Complete round for 18-pounder field gun, with 106 Mk II fuze with safety cap on

The number 106 fuze was the first British instantaneous percussion artillery fuze, first tested in action in late 1916 and deployed in volume in early 1917.

==Background==
Britain entered World War I with a policy of using shrapnel shells for its field guns (13-pounder and 18-pounder), intended to burst above head-height for anti-personnel use. British heavy artillery was expected to attack fortifications, requiring high-explosive shells to penetrate the target to some extent before exploding. Hence British artillery fuzes were optimised for these functions. Experiences of trench warfare on the Western front in 1914-1916 indicated that British artillery was unable to reliably destroy barbed-wire barricades, which required shells to explode instantaneously on contact with the wire or ground surface: British high-explosive shells would penetrate the ground before exploding, rendering them useless for destroying surface targets.

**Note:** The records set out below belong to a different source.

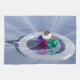 Image 3D créée en Vue, pleine de reflets et de lumières rayonnant de toutes les directions. Cinq sphères colorées de verre bleu, rose, turquoise, orange et diamant se dressent dans une pyramide entourée d'un anneau blanc translucide. Ils s'assoient sur un arrière - plan de rayons bleu pâle et blanc qui convergent sous les cinq boules de cristal.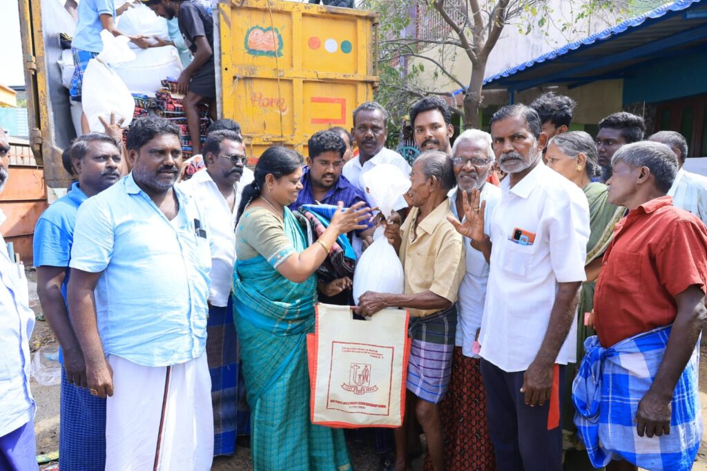 பின்னர் தபால் தந்தி காலணி, இந்திராநகர், திருவிகநகர் பகுதியில் உள்ளவர்களுக்கு தேவையான உணவுகள் போர்வைகள் உள்ளிட்ட அத்தியாவசிய பொருட்களை வழங்கினார்.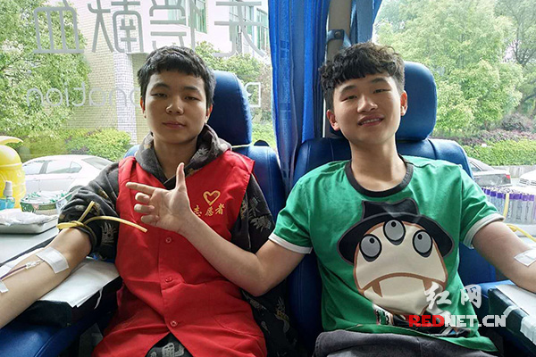 熊江和肖雄飞一起参加献血。
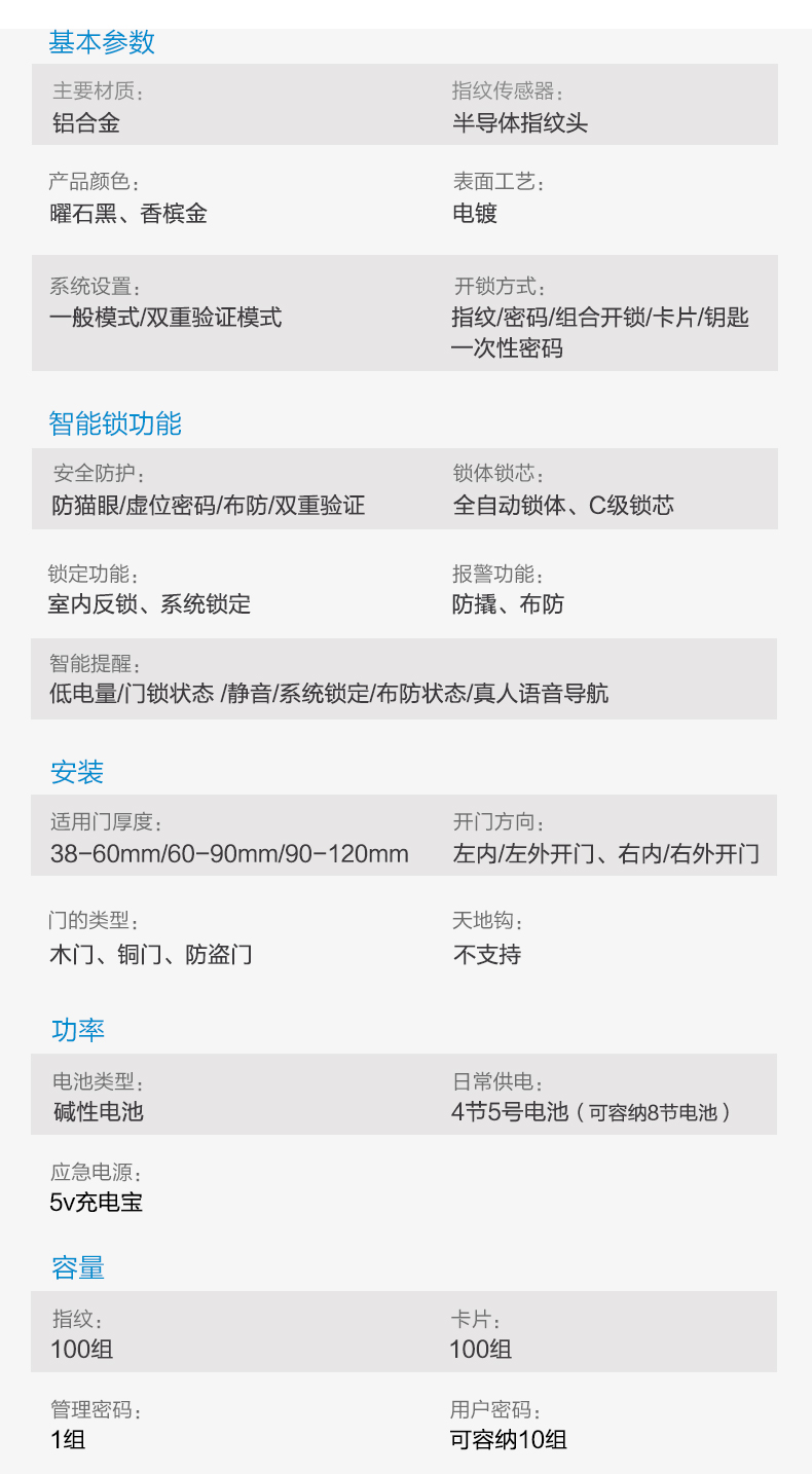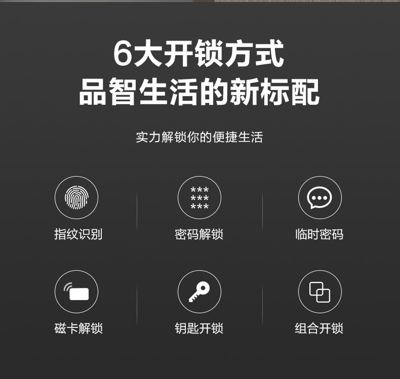 具有指纹、密码解锁、临时密码、磁卡解锁、钥匙开锁、组合开锁6种开锁方式。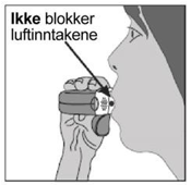 Husk: Du må bare flytte den hvite delen av munnstykket når du er klar til å inhalere en dose av legemidlet. Dersom du klargjør en dose uten å inhalere vil dosen gå tapt.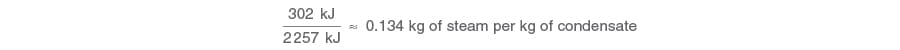 From each kilogram of condensate in this example, the proportion of flash steam generated therefore equals 13.4% of the initial mass of condensate.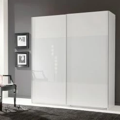 Schwebetürenschrank KiYDOO I – Hochglanz Weiß / Alpinweiß – Höhe: 210 cm – Breite: 136 cm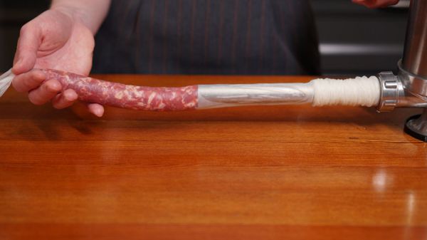 Затем начинила фаршем коллагеновую оболочку при помощи специального шприца.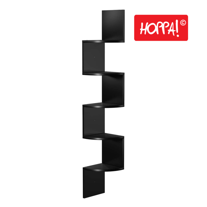 Hoppa! Songmics Zigzag Hoekkast - Wandplank - Wandkast - Zwart - Kunststof - 20x20x127,5 cm (BxDxH)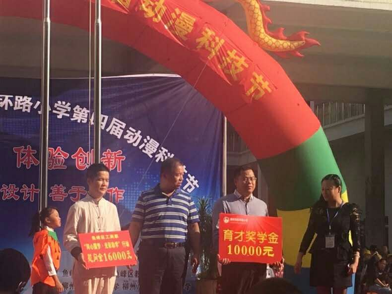 10月15日,柳州市東環(huán)路小學(xué)第四屆動漫科技節(jié)在東環(huán)路小學(xué)隆重開幕。育才教育黨支部書記、董事長蔣華老師在開幕式現(xiàn)場捐贈了10000元育才獎學(xué)金。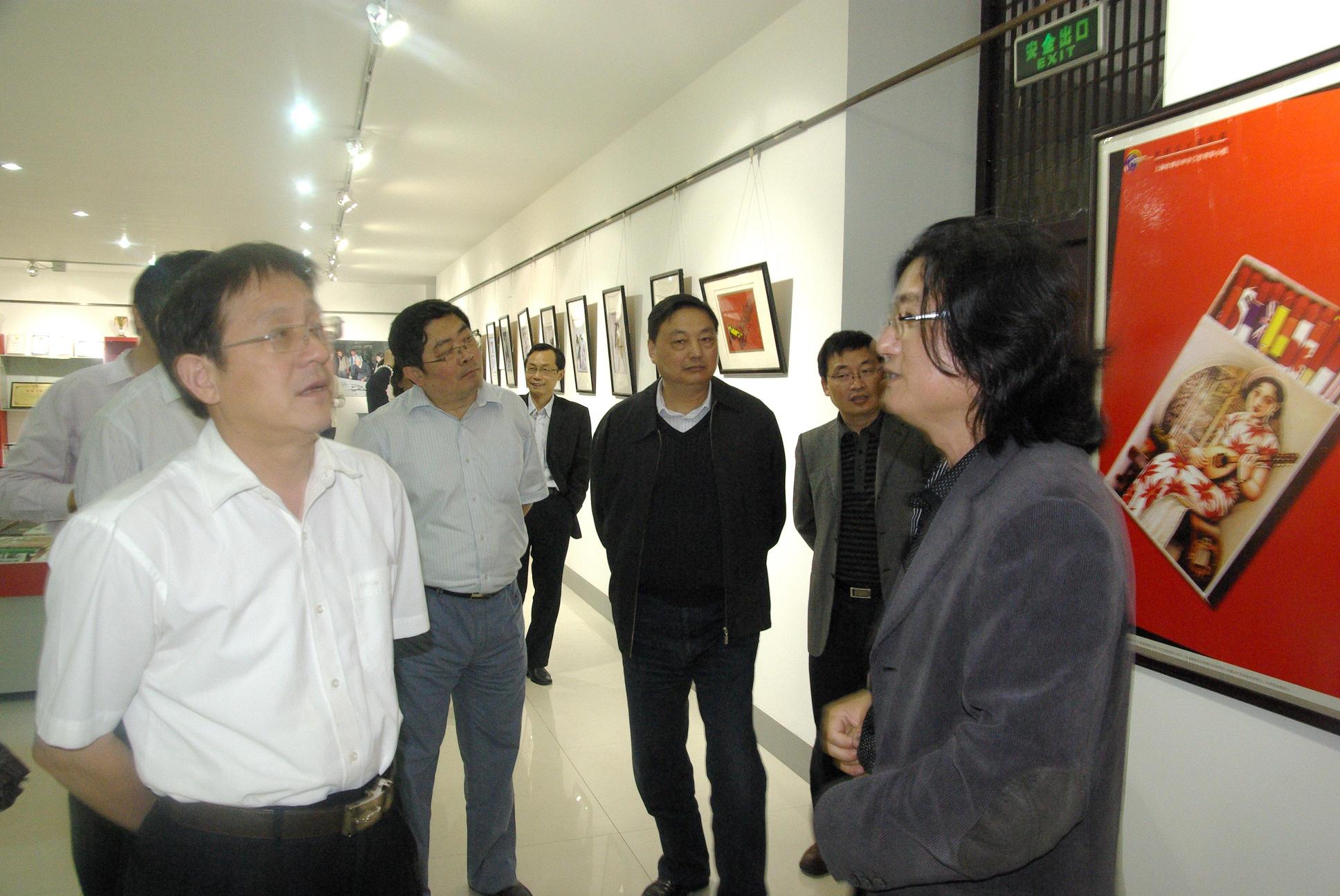 高开华一行在干洪陪同下,实地考察了我校艺术设计省级人文社科重点研究基地的装饰艺术研究室、包装设计研究室、工业设计研究室、逆向工程研究室以及动画设计工程中心、基地成果展厅等。高开华在听取了我校落实《安徽省高等学校哲学社会科学繁荣计划》工作情况汇报以及对基地现场考察后,对我校艺术设计鲜明的特色、丰硕的科研成果、先进的科研仪器等给予充分肯定。特别在动画设计工程中心,高开华详细了解了基地在成果转化方面所作工作,对取得成效给予高度认可,并要求发挥工程大学省级人文社科基地在成果转化方面已有的优势,整合资源,促进在芜高校省级人文基地的协同创新。

British No. 100 and later Nos. 101, 102 and 103 nose "graze" fuzes available in the field from August 1915 onwards could explode a high-explosive shell very quickly on experiencing a major change in direction or velocity, but were not "instantaneous": there was still some delay in activation, and limited sensitivity: they could not detect contact with a frail object like barbed wire or soft ground surface. Hence they would penetrate objects or ground slightly before detonating, instead of on the ground surface as required for wire cutting. These graze and impact fuzes continued to be used as intended for medium and heavy artillery high-explosive shells.

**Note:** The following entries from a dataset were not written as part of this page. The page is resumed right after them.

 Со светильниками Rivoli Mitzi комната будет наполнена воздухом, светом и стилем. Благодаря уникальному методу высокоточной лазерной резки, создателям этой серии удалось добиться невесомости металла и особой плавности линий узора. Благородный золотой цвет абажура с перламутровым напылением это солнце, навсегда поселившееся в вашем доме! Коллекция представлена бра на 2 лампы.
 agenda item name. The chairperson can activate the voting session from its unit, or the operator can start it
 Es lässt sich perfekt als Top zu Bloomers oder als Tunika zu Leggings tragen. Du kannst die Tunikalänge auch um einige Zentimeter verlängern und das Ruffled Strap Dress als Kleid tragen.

Up to and including the Battle of the Somme in 1916, British forces relied on shrapnel shells fired by 18-pounder field guns and spherical high-explosive bombs fired by 2-inch "plum-pudding" mortars for cutting barbed-wire defences. The disadvantage of shrapnel for this purpose was that it relied on extreme accuracy on setting the fuze timing to burst the shell close to the ground just in front of the wire: if the shell burst fractionally too short or too long it could not cut the wire, and also the spherical shrapnel balls were not of an optimal shape for cutting strands of wire. While the 2-inch mortar bombs cut wire effectively, their maximum range of 570 yard limited their usefulness.

==Design==

===Detonation mechanism===
The number 106 fuze drew on French technology to provide a mechanism for reliably detonating a high-explosive shell instantaneously when the nose made physical contact with the slightest object like a strand of barbed wire or the ground surface. Hence it was a "direct action" rather than a "graze" fuze: simple deceleration or change of direction would not activate it, only direct physical contact between the hammer projecting from the nose and an external object. The basic mechanism was a steel hammer on the end of a spindle projecting forward from the nose of the fuze. The slightest movement inwards of this spindle caused the fuze to detonate and hence explode the shell before it penetrated the ground.

The steel hammer had a softer aluminium cap which absorbed the force of a glancing blow and prevented the spindle from bending or breaking, reducing the risk of misfire.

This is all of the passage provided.